● ASSIGNED TASK
Could you restate the data word for word and drop the pictures?

======

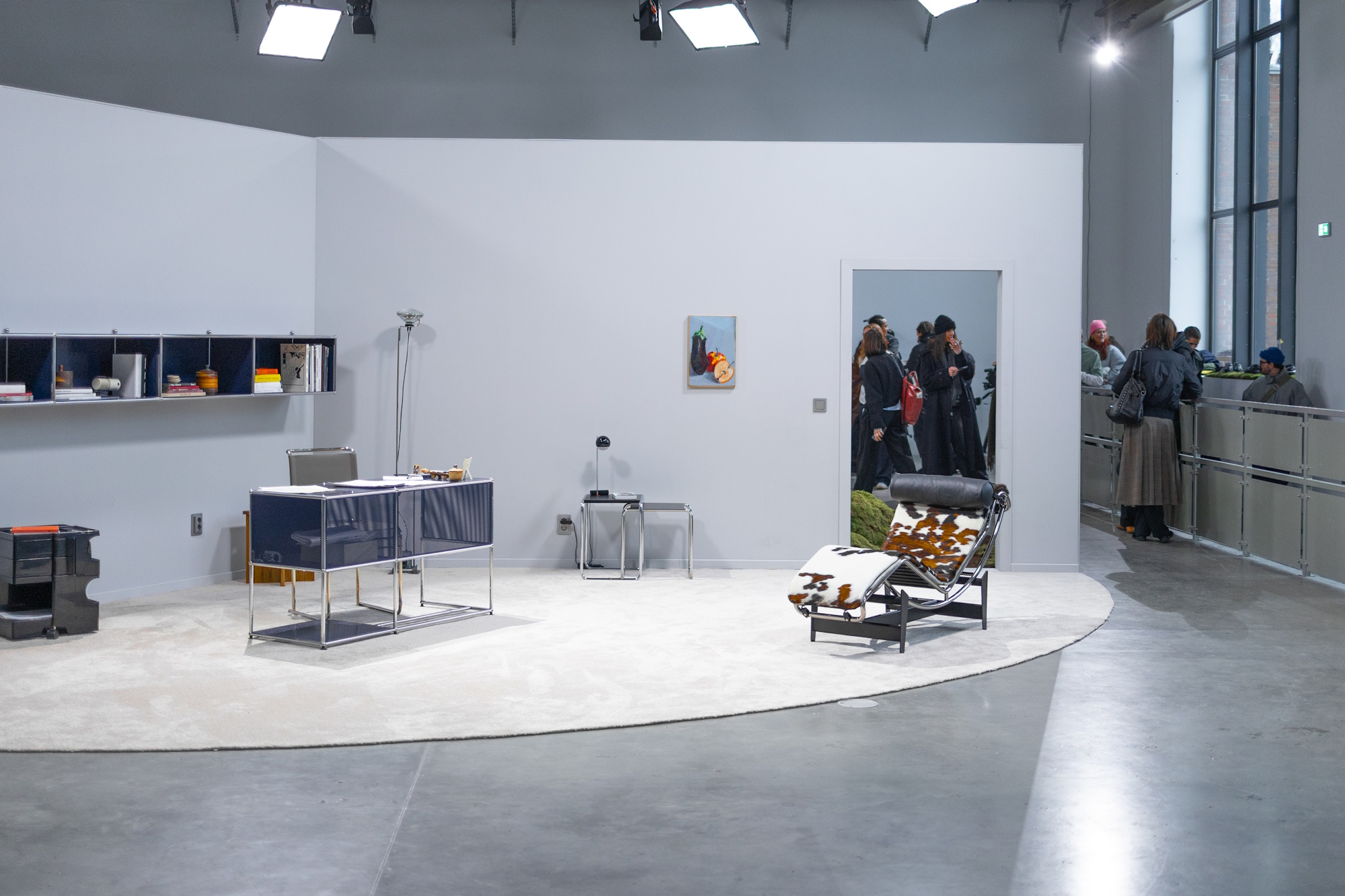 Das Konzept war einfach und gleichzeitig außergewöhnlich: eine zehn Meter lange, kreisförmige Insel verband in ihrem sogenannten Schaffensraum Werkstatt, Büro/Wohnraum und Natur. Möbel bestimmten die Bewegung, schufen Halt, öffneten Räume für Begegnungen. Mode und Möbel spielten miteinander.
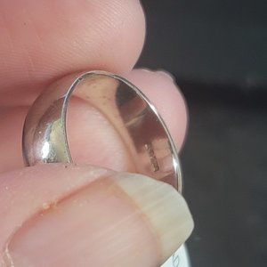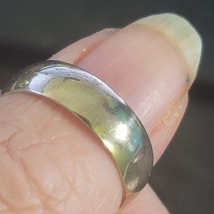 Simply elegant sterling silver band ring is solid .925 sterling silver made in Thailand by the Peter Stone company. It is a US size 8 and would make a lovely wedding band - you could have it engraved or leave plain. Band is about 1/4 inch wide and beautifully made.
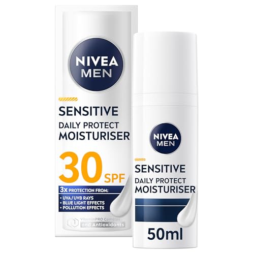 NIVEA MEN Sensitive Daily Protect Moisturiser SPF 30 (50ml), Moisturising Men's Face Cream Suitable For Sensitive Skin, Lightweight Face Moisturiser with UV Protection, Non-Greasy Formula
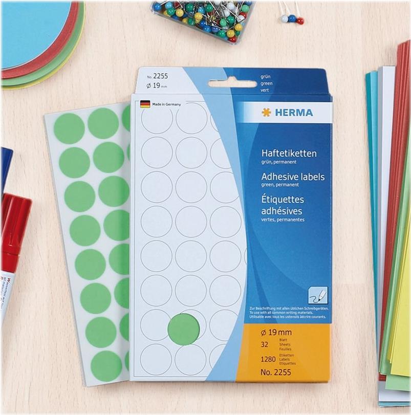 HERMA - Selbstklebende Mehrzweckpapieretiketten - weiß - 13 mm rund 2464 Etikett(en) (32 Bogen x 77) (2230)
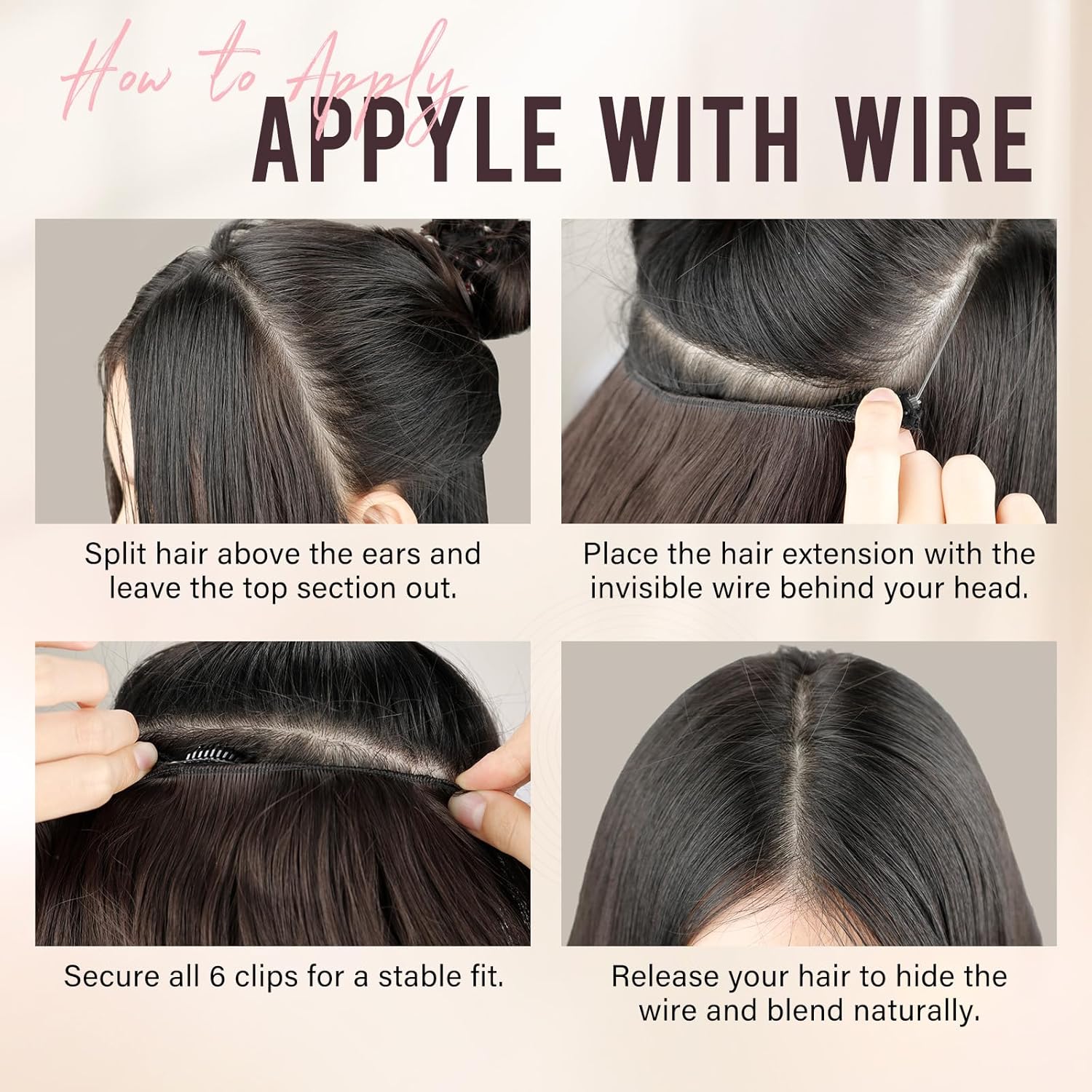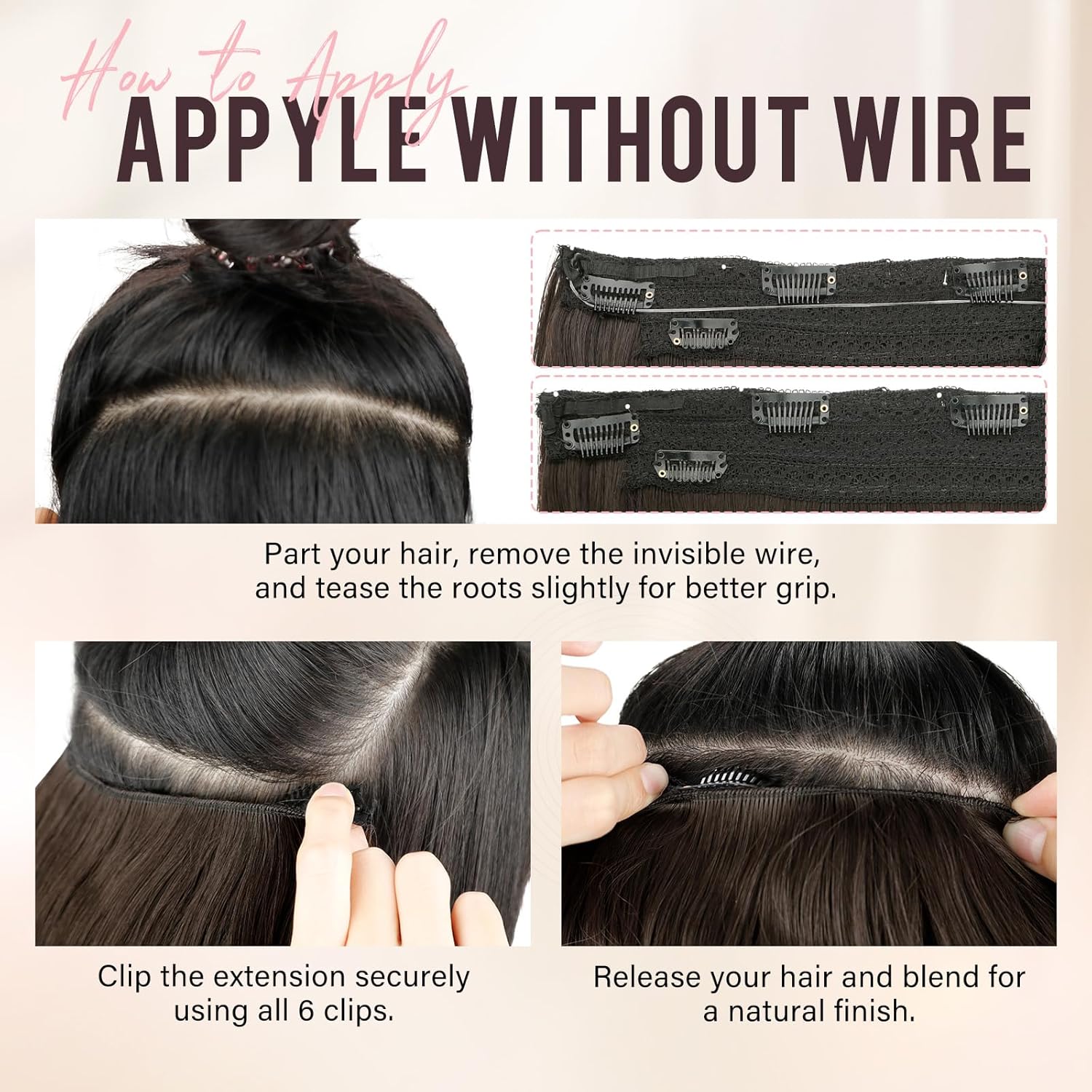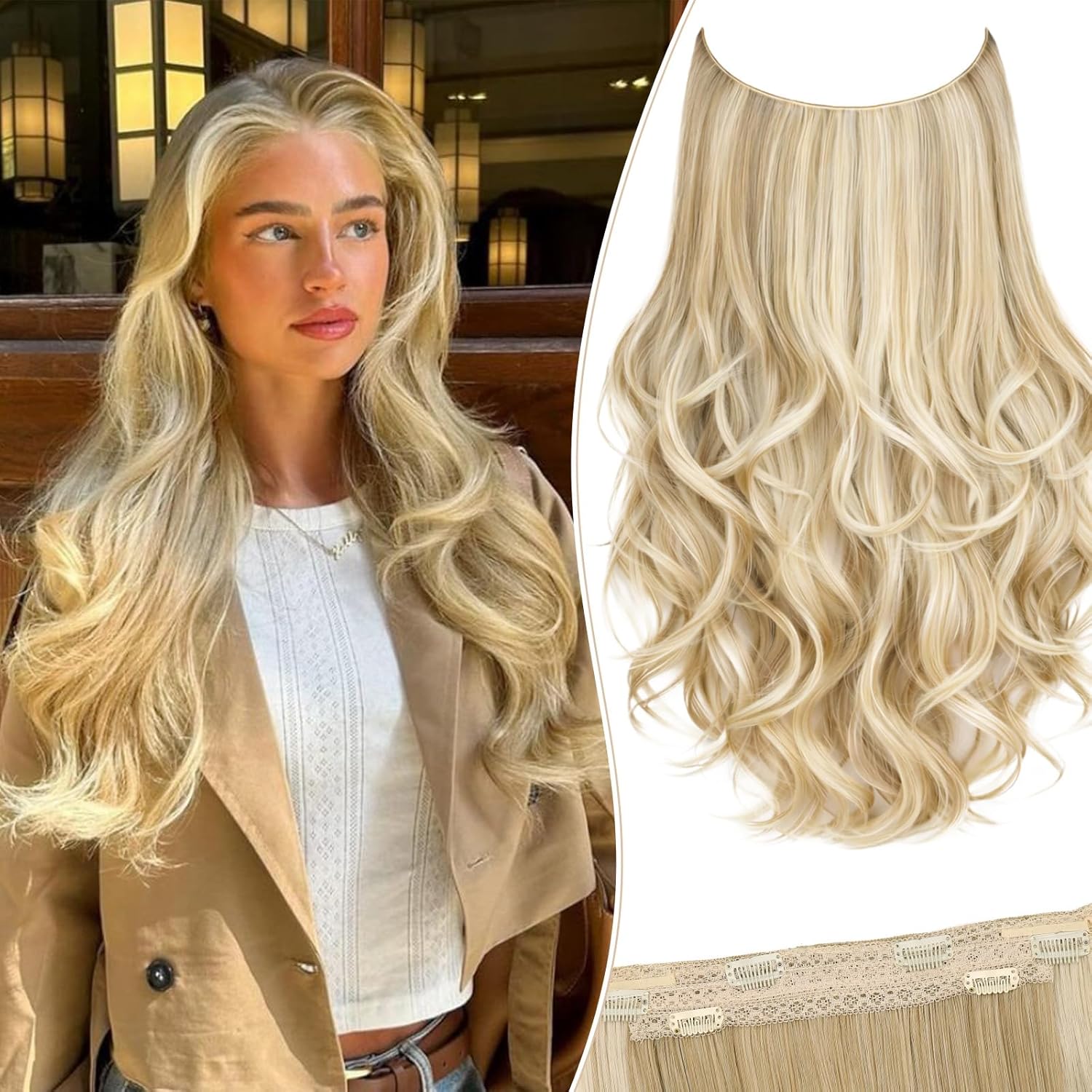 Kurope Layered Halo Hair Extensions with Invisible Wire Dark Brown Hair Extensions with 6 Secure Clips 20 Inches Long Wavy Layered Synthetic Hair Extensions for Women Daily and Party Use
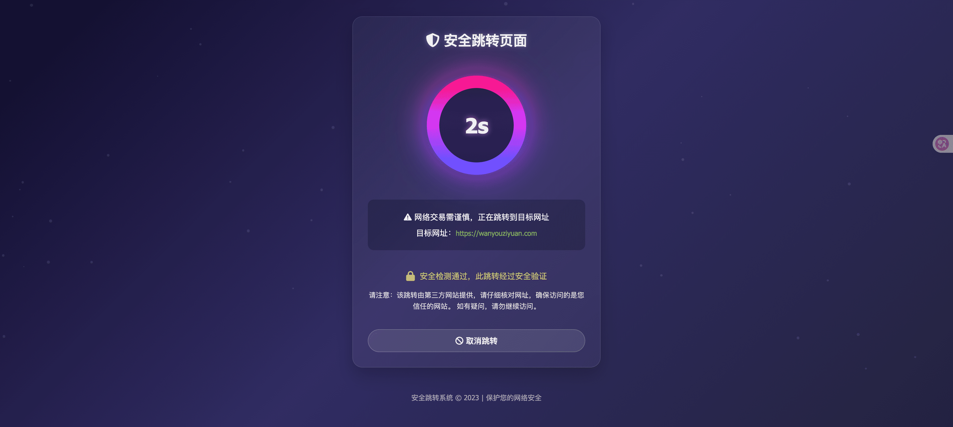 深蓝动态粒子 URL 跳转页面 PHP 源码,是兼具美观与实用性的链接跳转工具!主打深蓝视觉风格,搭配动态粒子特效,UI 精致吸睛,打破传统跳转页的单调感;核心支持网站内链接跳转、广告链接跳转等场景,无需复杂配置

======

● YOUR SOLUTION
 Das Konzept war einfach und gleichzeitig außergewöhnlich: eine zehn Meter lange, kreisförmige Insel verband in ihrem sogenannten Schaffensraum Werkstatt, Büro/Wohnraum und Natur. Möbel bestimmten die Bewegung, schufen Halt, öffneten Räume für Begegnungen. Mode und Möbel spielten miteinander.
 Simply elegant sterling silver band ring is solid .925 sterling silver made in Thailand by the Peter Stone company. It is a US size 8 and would make a lovely wedding band - you could have it engraved or leave plain. Band is about 1/4 inch wide and beautifully made.
 NIVEA MEN Sensitive Daily Protect Moisturiser SPF 30 (50ml), Moisturising Men's Face Cream Suitable For Sensitive Skin, Lightweight Face Moisturiser with UV Protection, Non-Greasy Formula
 HERMA - Selbstklebende Mehrzweckpapieretiketten - weiß - 13 mm rund 2464 Etikett(en) (32 Bogen x 77) (2230)
 Kurope Layered Halo Hair Extensions with Invisible Wire Dark Brown Hair Extensions with 6 Secure Clips 20 Inches Long Wavy Layered Synthetic Hair Extensions for Women Daily and Party Use
 深蓝动态粒子 URL 跳转页面 PHP 源码,是兼具美观与实用性的链接跳转工具!主打深蓝视觉风格,搭配动态粒子特效,UI 精致吸睛,打破传统跳转页的单调感;核心支持网站内链接跳转、广告链接跳转等场景,无需复杂配置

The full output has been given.